Hardware-in-the-Loop and Road Testing of RLVW and GLOSA Connected Vehicle Applications
Kavas-Torris, Ozgenur, Cantas, Mustafa Ridvan, Gelbal, Sukru Yaren, Guvenc, Levent
This paper presents an evaluation of two different Vehicle to Infrastructure (V2I) applications, namely Red Light Violation Warning (RLVW) and Green Light Optimized Speed Advisory (GLOSA). The evaluation method is to first develop and use Hardware-in-the-Loop (HIL) simulator testing, followed by extension of the HIL testing to road testing using an experimental connected vehicle. The HIL simulator used in the testing is a state-of-the-art simulator that consists of the same hardware like the road side unit and traffic cabinet as is used in real intersections and allows testing of numerous different traffic and intersection geometry and timing scenarios realistically. First, the RLVW V2I algorithm is tested in the HIL simulator and then implemented in an On-Board-Unit (OBU) in our experimental vehicle and tested at real world intersections. This same approach of HIL testing followed by testing in real intersections using our experimental vehicle is later extended to the GLOSA application. The GLOSA application that is tested in this paper has both an optimal speed advisory for passing at the green light and also includes a red light violation warning system. The paper presents the HIL and experimental vehicle evaluation systems, information about RLVW and GLOSA and HIL simulation and road testing results and their interpretations.
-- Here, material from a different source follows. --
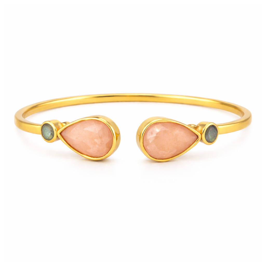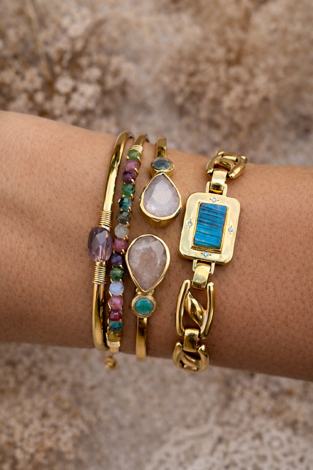 Cada pulsera ha sido cuidadosamente elaborada con chapado en oro de 1 micra y adornada con piedras de labradorita. Hecha a mano en España, cada pieza refleja la dedicación y el amor que Bechi Ulivi Jewels pone en su trabajo. La autenticidad de las piedras naturales y su diseño elegante garantizan que posees una obra maestra.

Discrete-time Robust PD Controlled System with DOB/CDOB Compensation for High Speed Autonomous Vehicle Path Following
Autonomous vehicle path following performance is one of significant consideration. This paper presents discrete time design of robust PD controlled system with disturbance observer (DOB) and communication disturbance observer (CDOB) compensation to enhance autonomous vehicle path following performance. Although always implemented on digital devices, DOB and CDOB structure are usually designed in continuous time in the literature and also in our previous work. However, it requires high sampling rate for continuous-time design block diagram to automatically convert to corresponding discrete-time controller using rapid controller prototyping systems. In this paper, direct discrete time design is carried out. Digital PD feedback controller is designed based on the nominal plant using the proposed parameter space approach. Zero order hold method is applied to discretize the nominal plant, DOB and CDOB structure in continuous domain. Discrete time DOB is embedded into the steering to path following error loop for model regulation in the presence of uncertainty in vehicle parameters such as vehicle mass, vehicle speed and road-tire friction coefficient and rejecting external disturbance like crosswind force. On the other hand, time delay from CAN bus based sensor and actuator command interfaces results in degradation of system performance since large negative phase angles are added to the plant frequency response. Discrete time CDOB compensated control system can be used for time delay compensation where the accurate knowledge of delay time value is not necessary. A validated model of our lab Ford Fusion hybrid automated driving research vehicle is used for the simulation analysis while the vehicle is driving at high speed. Simulation results successfully demonstrate the improvement of autonomous vehicle path following performance with the proposed discrete time DOB and CDOB structure.